◆ **Instructions to follow**: Could you set down the lines from the first line of the entries below through the line with "① ロイヤルオーク20年の価格推移と上昇・下落のリアルな傾向", exactly and with no pictures?

Records from a collection
————————

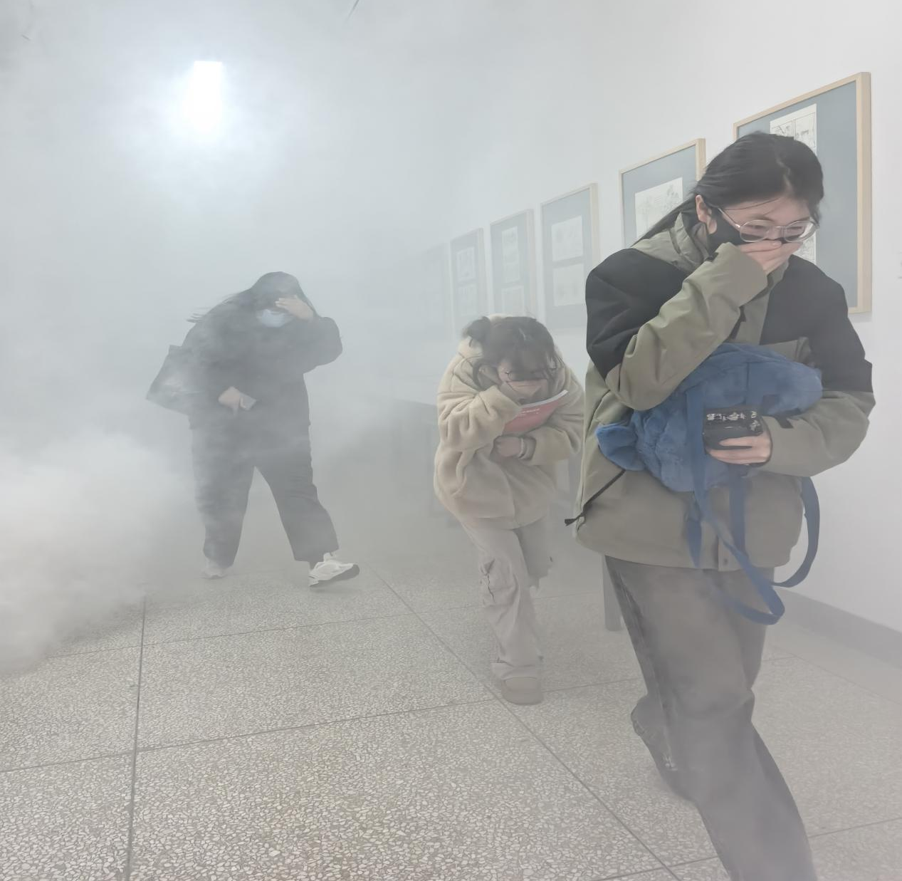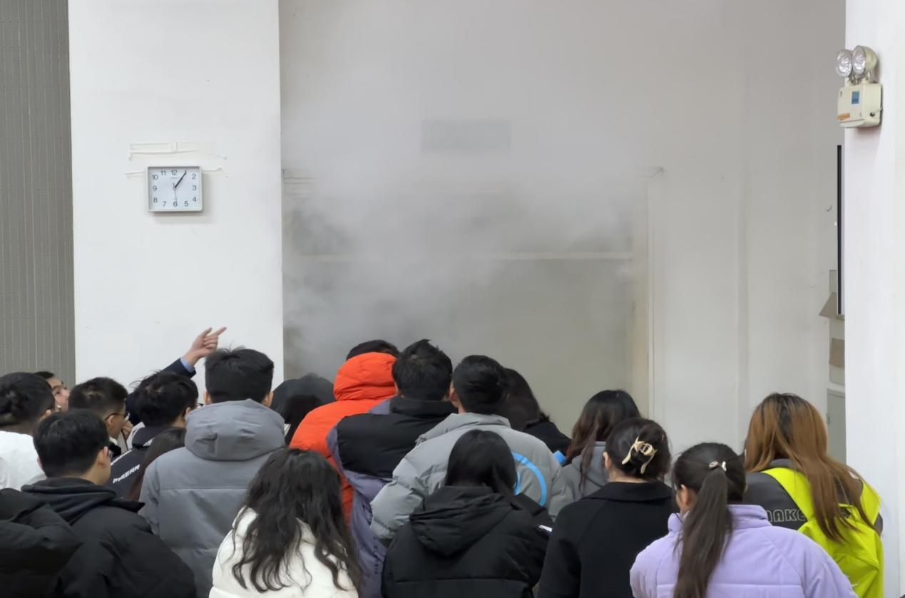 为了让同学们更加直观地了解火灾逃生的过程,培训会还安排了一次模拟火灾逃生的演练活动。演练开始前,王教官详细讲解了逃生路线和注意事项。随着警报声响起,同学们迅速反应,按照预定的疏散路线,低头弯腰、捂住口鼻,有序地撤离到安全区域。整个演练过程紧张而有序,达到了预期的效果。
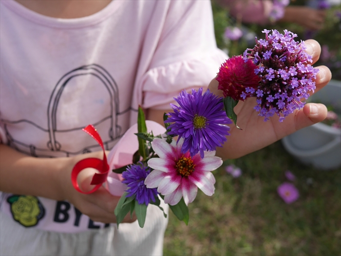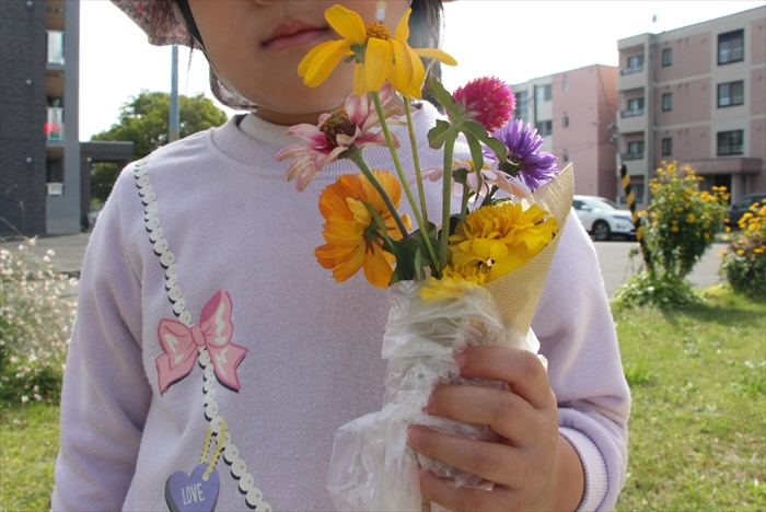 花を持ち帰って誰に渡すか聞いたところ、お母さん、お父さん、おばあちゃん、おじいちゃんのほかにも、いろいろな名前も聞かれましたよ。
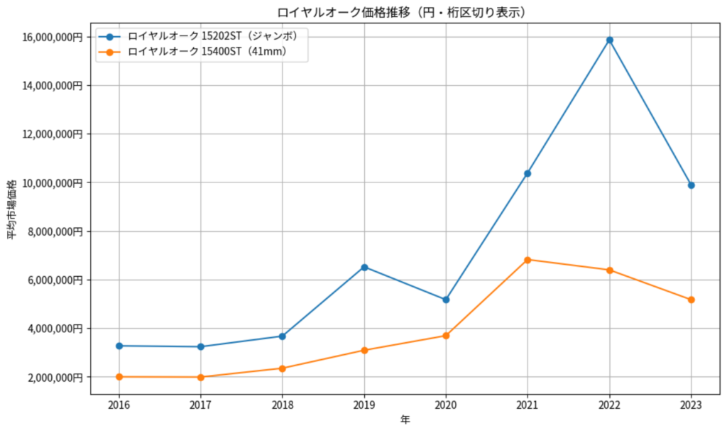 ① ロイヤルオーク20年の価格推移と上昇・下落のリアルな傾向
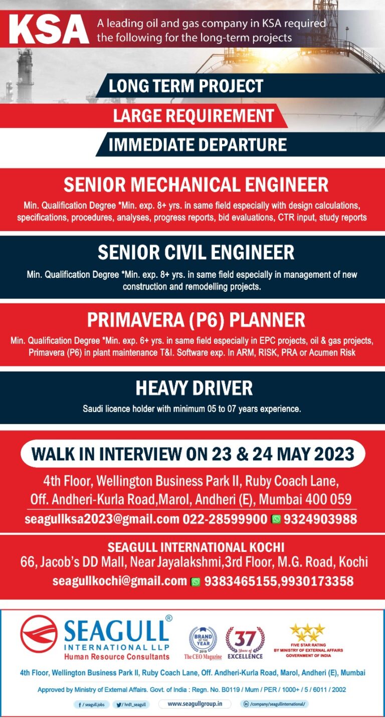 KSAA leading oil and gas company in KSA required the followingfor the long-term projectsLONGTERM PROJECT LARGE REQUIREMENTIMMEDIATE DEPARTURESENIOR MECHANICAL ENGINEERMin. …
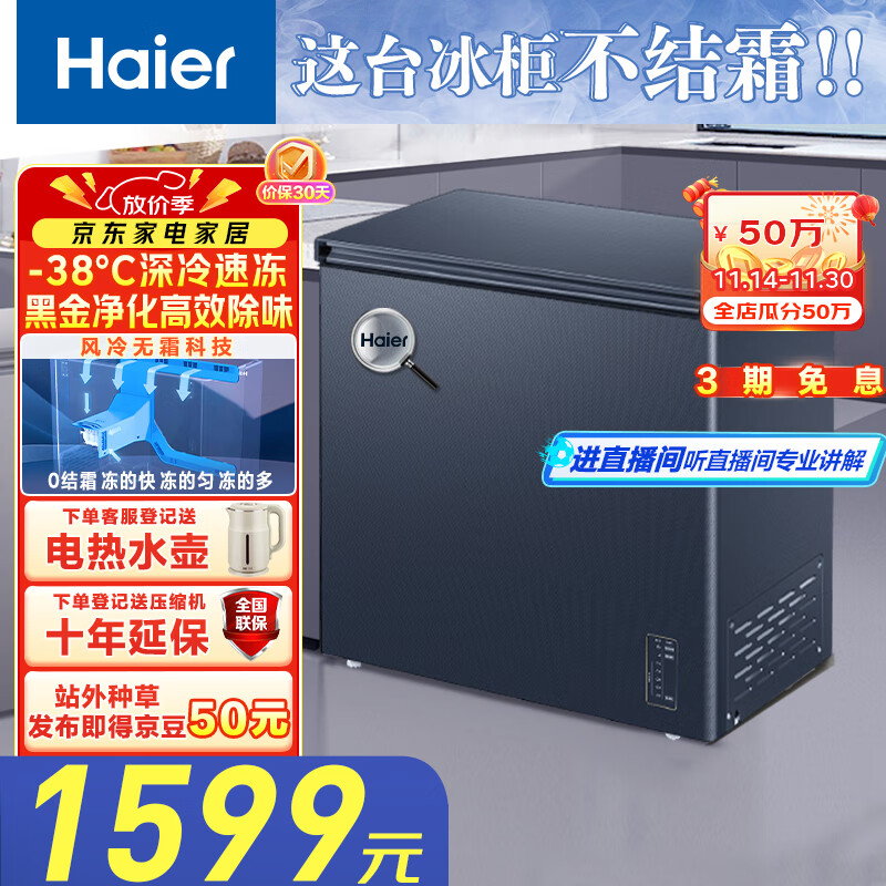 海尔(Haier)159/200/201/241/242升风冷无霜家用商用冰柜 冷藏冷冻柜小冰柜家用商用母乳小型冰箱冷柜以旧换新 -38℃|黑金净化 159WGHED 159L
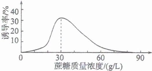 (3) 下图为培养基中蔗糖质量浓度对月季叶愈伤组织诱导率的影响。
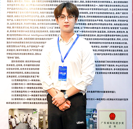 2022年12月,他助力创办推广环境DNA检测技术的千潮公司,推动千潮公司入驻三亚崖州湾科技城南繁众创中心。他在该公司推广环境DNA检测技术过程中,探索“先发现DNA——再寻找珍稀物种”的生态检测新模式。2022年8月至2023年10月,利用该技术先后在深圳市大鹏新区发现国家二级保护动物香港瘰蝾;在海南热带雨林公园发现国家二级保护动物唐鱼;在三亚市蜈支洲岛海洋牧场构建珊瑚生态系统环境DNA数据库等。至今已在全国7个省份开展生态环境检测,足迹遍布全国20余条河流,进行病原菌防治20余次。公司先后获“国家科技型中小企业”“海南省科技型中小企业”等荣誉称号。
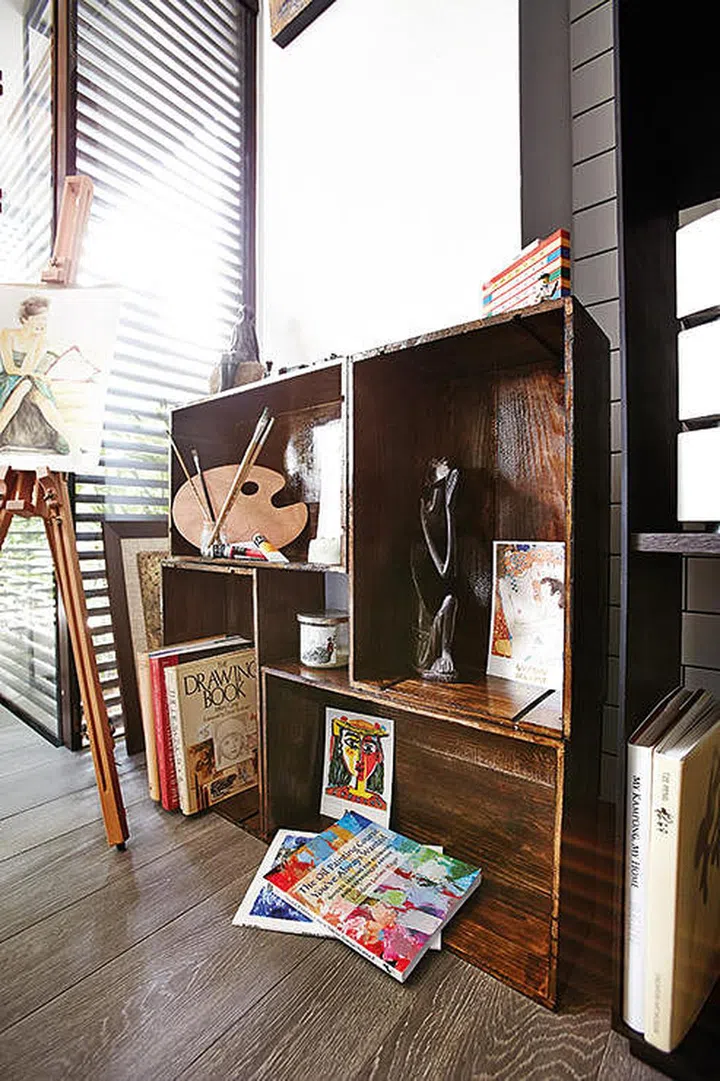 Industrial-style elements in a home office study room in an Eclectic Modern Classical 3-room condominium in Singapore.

————————

◆ **Output of the exercise**:
 为了让同学们更加直观地了解火灾逃生的过程,培训会还安排了一次模拟火灾逃生的演练活动。演练开始前,王教官详细讲解了逃生路线和注意事项。随着警报声响起,同学们迅速反应,按照预定的疏散路线,低头弯腰、捂住口鼻,有序地撤离到安全区域。整个演练过程紧张而有序,达到了预期的效果。
 花を持ち帰って誰に渡すか聞いたところ、お母さん、お父さん、おばあちゃん、おじいちゃんのほかにも、いろいろな名前も聞かれましたよ。
 ① ロイヤルオーク20年の価格推移と上昇・下落のリアルな傾向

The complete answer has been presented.